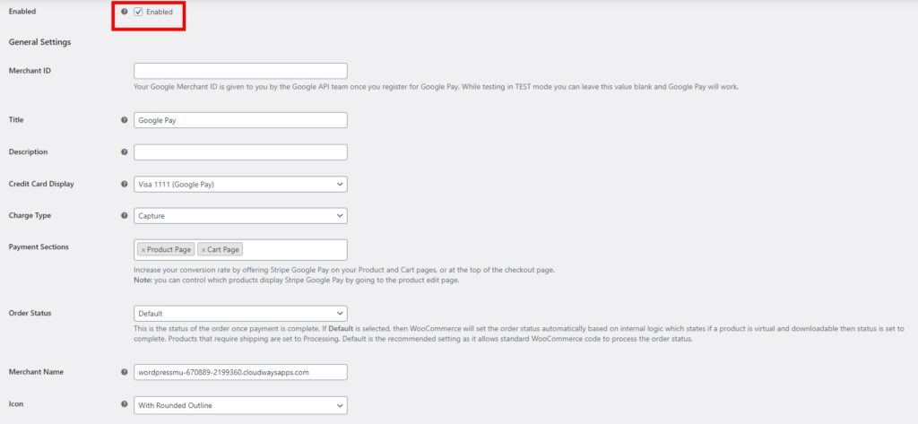 Здесь вам будут представлены все варианты Google Pay. Прежде всего, вам нужно установить флажок «Включено», чтобы включить Google Pay для вашего магазина.
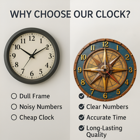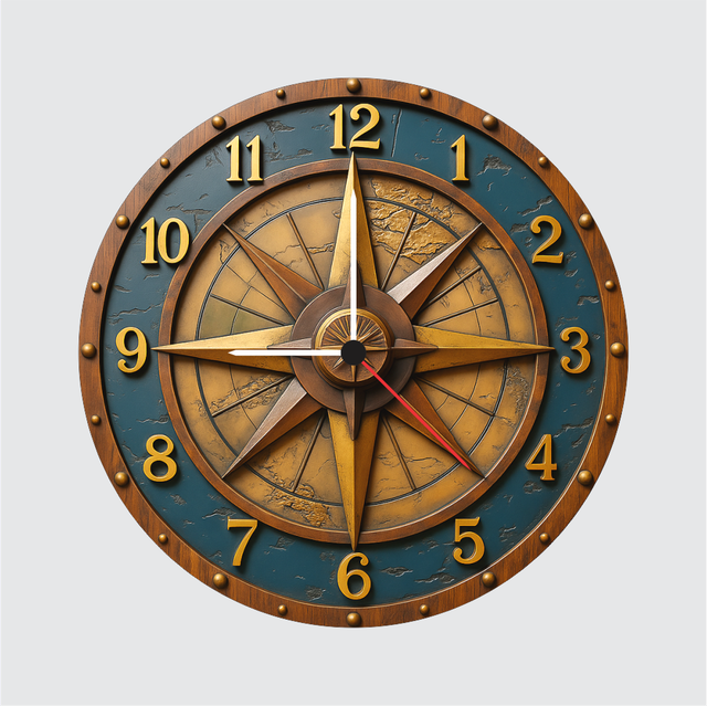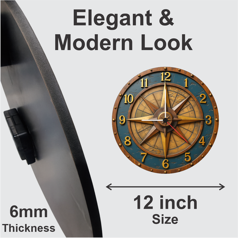 Bring timeless beauty into your space with this antique compass-themed wall clock. Its rich golden detailing and raised numbers add sophistication to any room. The strong 6mm board and accurate quartz mechanism ensure durability and precision—perfect for home décor offices study rooms and premium gifting.
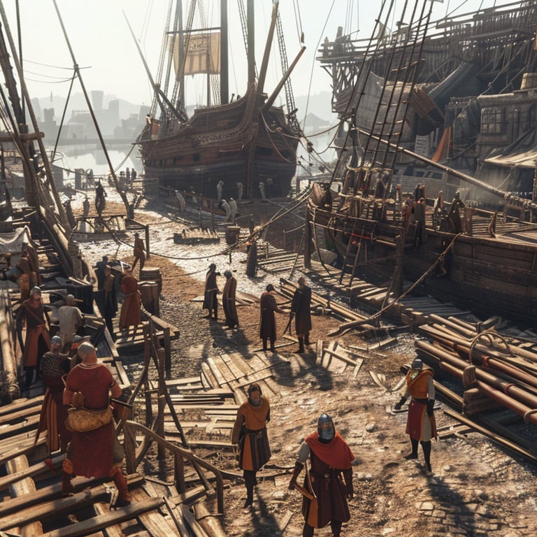 Armament: Deck-mounted torsion or early pneumatic artillery; Heavy crossbow crews
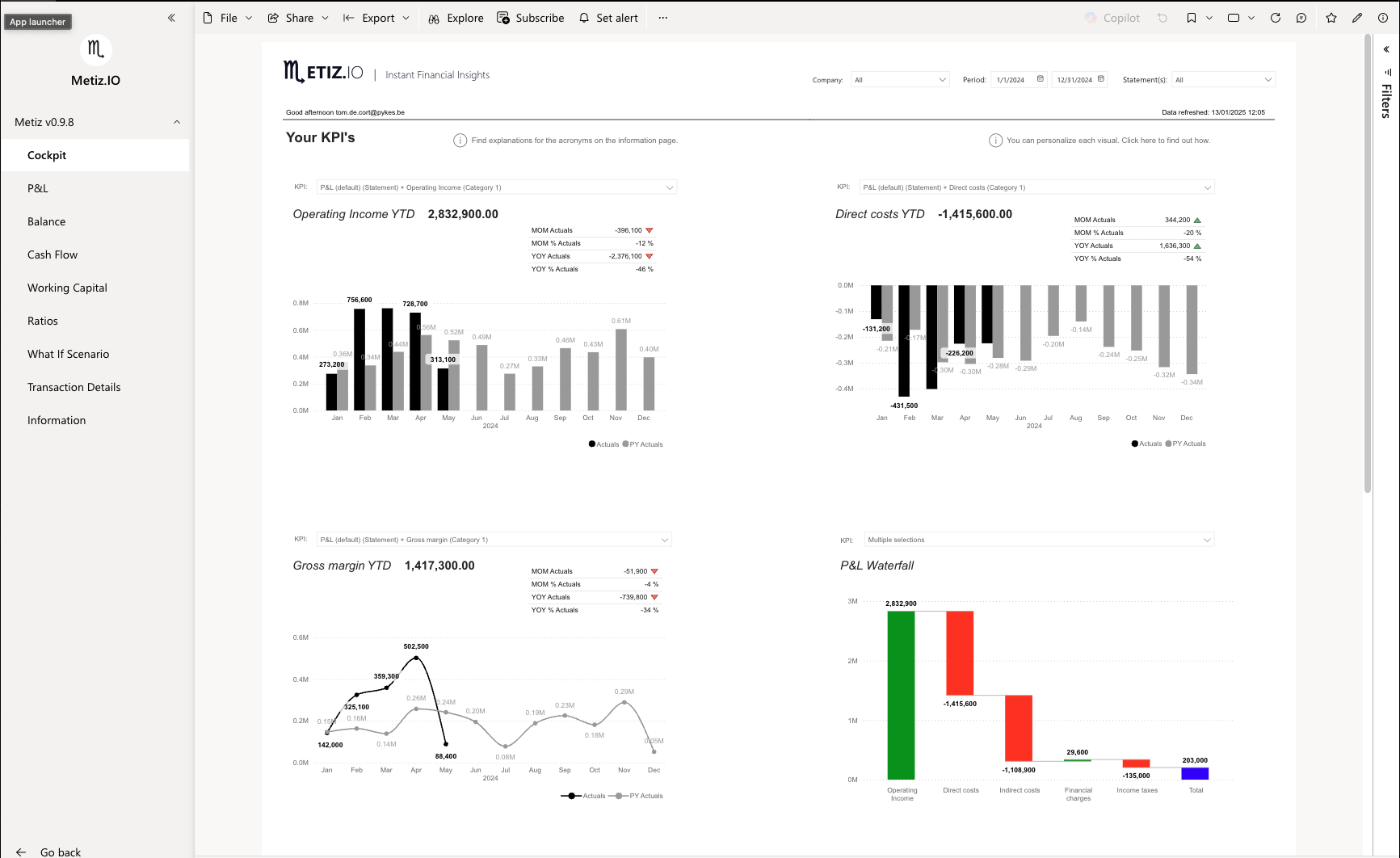 It's as simple as saying bonjour. Set-up the app in your Power BI-tenant once, choose your plan and have your financial dashboards at hand within minutes. As from now, you work on up-to-date figures, no need to wait for accountants or expensive consultants to deliver. Oh, and your data is your data. We don't store, we connect.
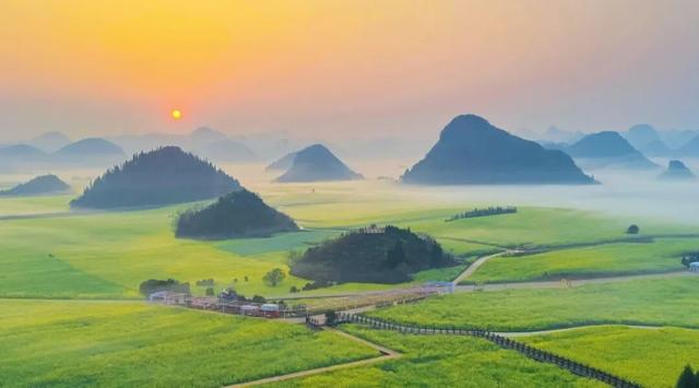上午:乘车前往罗平县(车程约2.5小时)。抵达后,前往金鸡峰丛。冬季的峰林间常飘渺着晨雾,午后阳光铺洒,构成绝佳的光影大片。
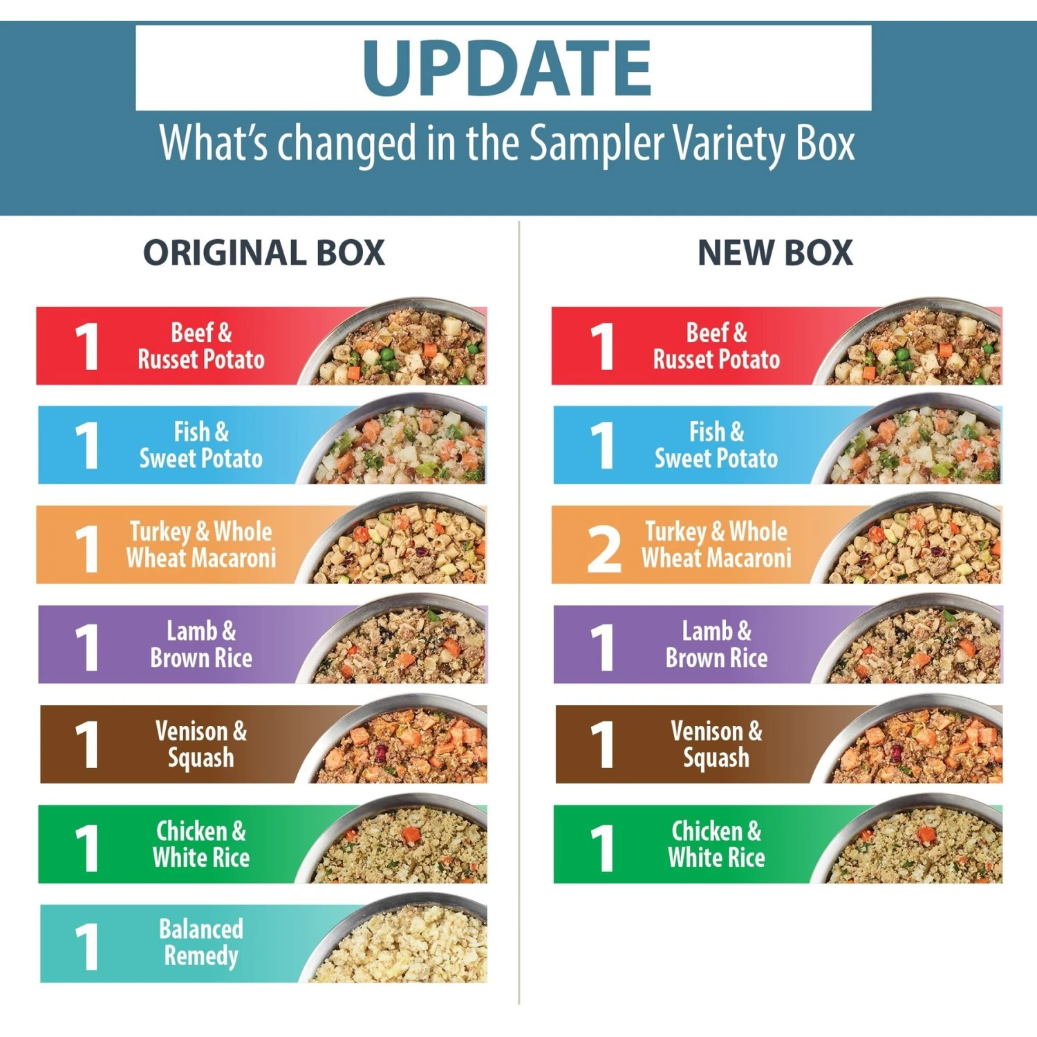 | Flavor | Fish & Sweet Potato, Chicken & White Rice, Lamb & Brown Rice, Beef & Russet Potato, Turkey & Whole Wheat Macaroni, Venison & Squash, Sampler Variety Box |
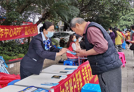 建行工作人員走進(jìn)社區(qū)開(kāi)展宣傳。鄧星攝
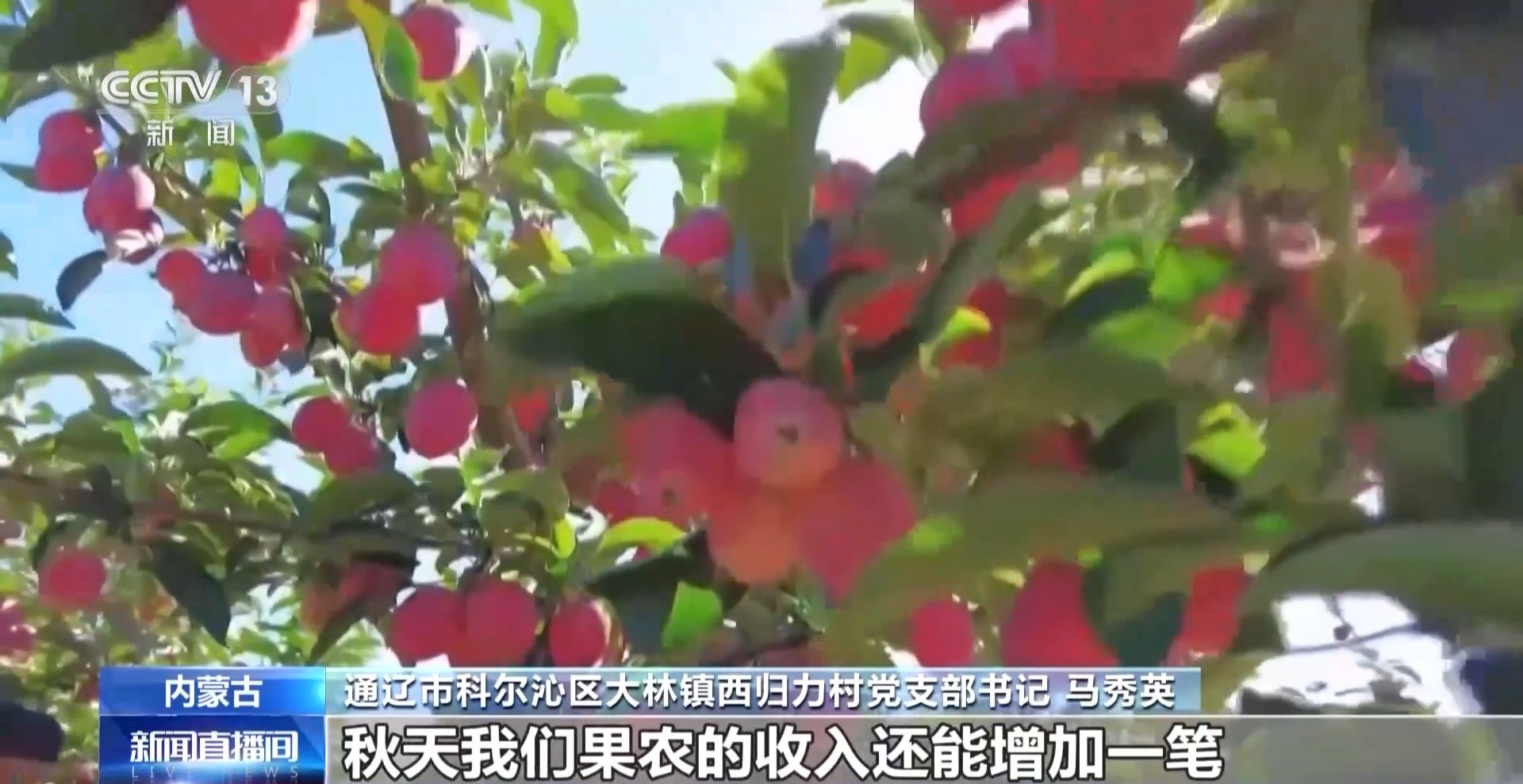 通遼市科爾沁區(qū)大林鎮(zhèn)西歸力村黨支部書記 馬秀英:今年的果長得特別好,我們引進(jìn)了深加工,秋天我們果農(nóng)的收入還能增加一筆。
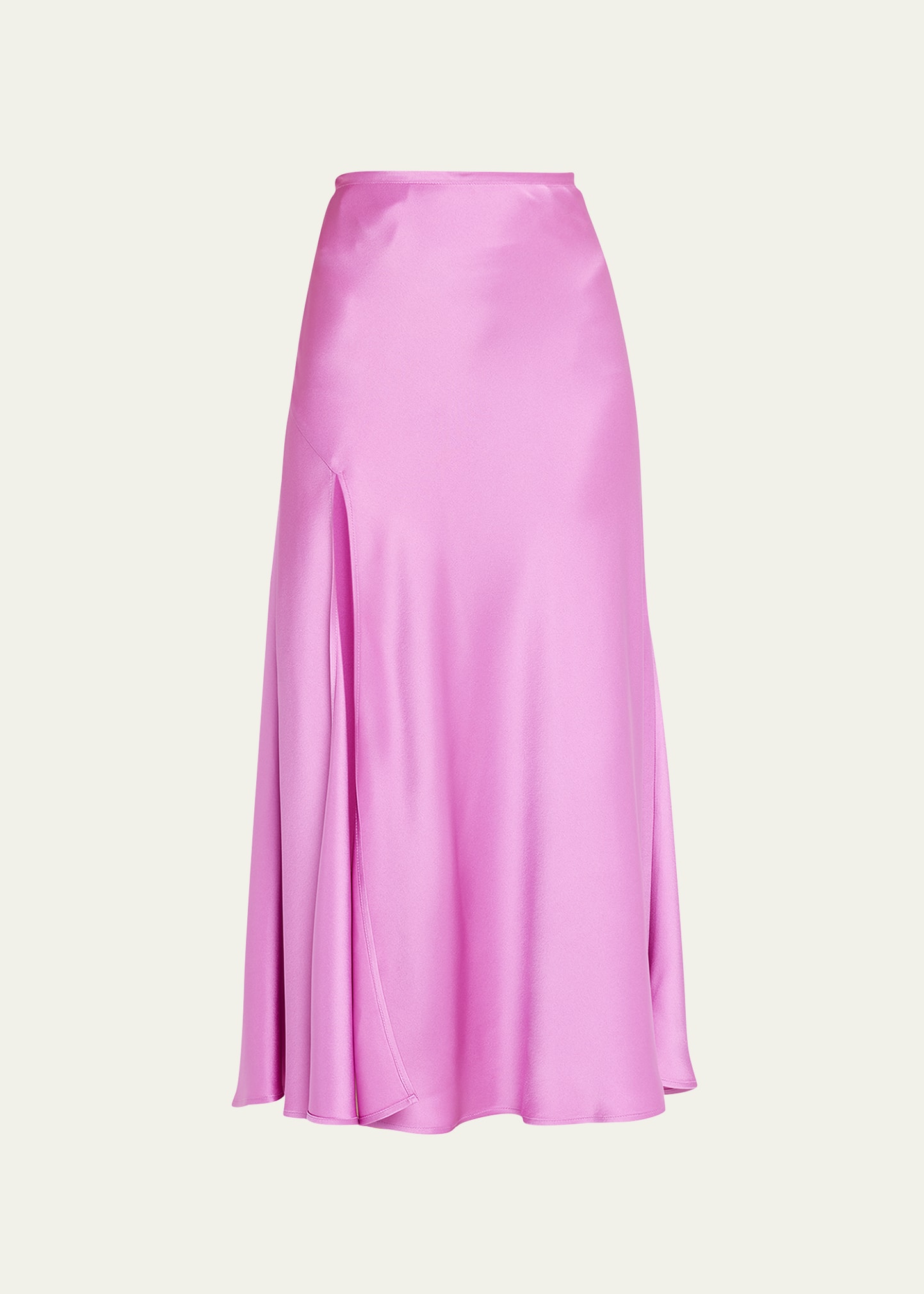 LAPOINTE satin skirt High rise A-line silhouette Midi length Side slit Side zip Acetate/viscose Made in USA from imported materials
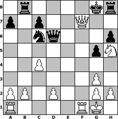 game notation in PGN-format [Event "Abermals Aljechin"] [Site "www.myChess.de"] [Date "2011.02.13"] [Round "2"] [White "kari6katz"] [Black "Joschi"] [ECO "A52"] [WhitemyELO "1796"] [BlackmyELO "1447"] [Result "1-0"] [TimeControl "10/1728000"] [WhiteDays "60"] [BlackDays "47"] [MyChessNo "72001"] 1. d4 Nf6 2. c4 e5 3. dxe5 Ng4 4. e4 d6 5. exd6 Bxd6 6. Be2 Nf6 7. Nc3 O-O 8. Nf3 Nc6 9. O-O Ne5 10. Bg5 h6 11. Bh4 g5 12. Bg3 Nxf3+ 13. Bxf3 Bxg3 14. fxg3 Be6 15. e5 Nd7 16. Bxb7 Rb8 17. Bd5 Nxe5 18. Qd4 Nc6 19. Qc5 Bxd5 20. Nxd5 Qd6 21. Nf6+ Kg7 22. Qf5 Rh8 23. Nh5+ Kg8 24. Qxf7# 1-0 position notation in FEN-format 1r4kr/p1p2Q2/2nq3p/6pN/2P5/6P1/PP1P2PP/R4RK1 - - - 0 24 Captured white pieces: Captured black pieces: Click on a captured piece in order to display the desired move!
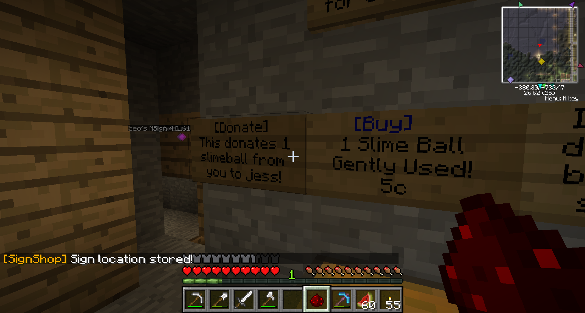 This is a quick screenshot-based primer on how to to use the SignShop plugin for buying, selling, and donating items.

....

## What you are asked to do
The copy should hold only the lines from the one with "通遼市科爾沁區(qū)大林鎮" through the one with "LAPOINTE satin skirt", exactly as they stand above. Leave out the pictures.

## Output
 通遼市科爾沁區(qū)大林鎮(zhèn)西歸力村黨支部書記 馬秀英:今年的果長得特別好,我們引進(jìn)了深加工,秋天我們果農(nóng)的收入還能增加一筆。
 LAPOINTE satin skirt High rise A-line silhouette Midi length Side slit Side zip Acetate/viscose Made in USA from imported materials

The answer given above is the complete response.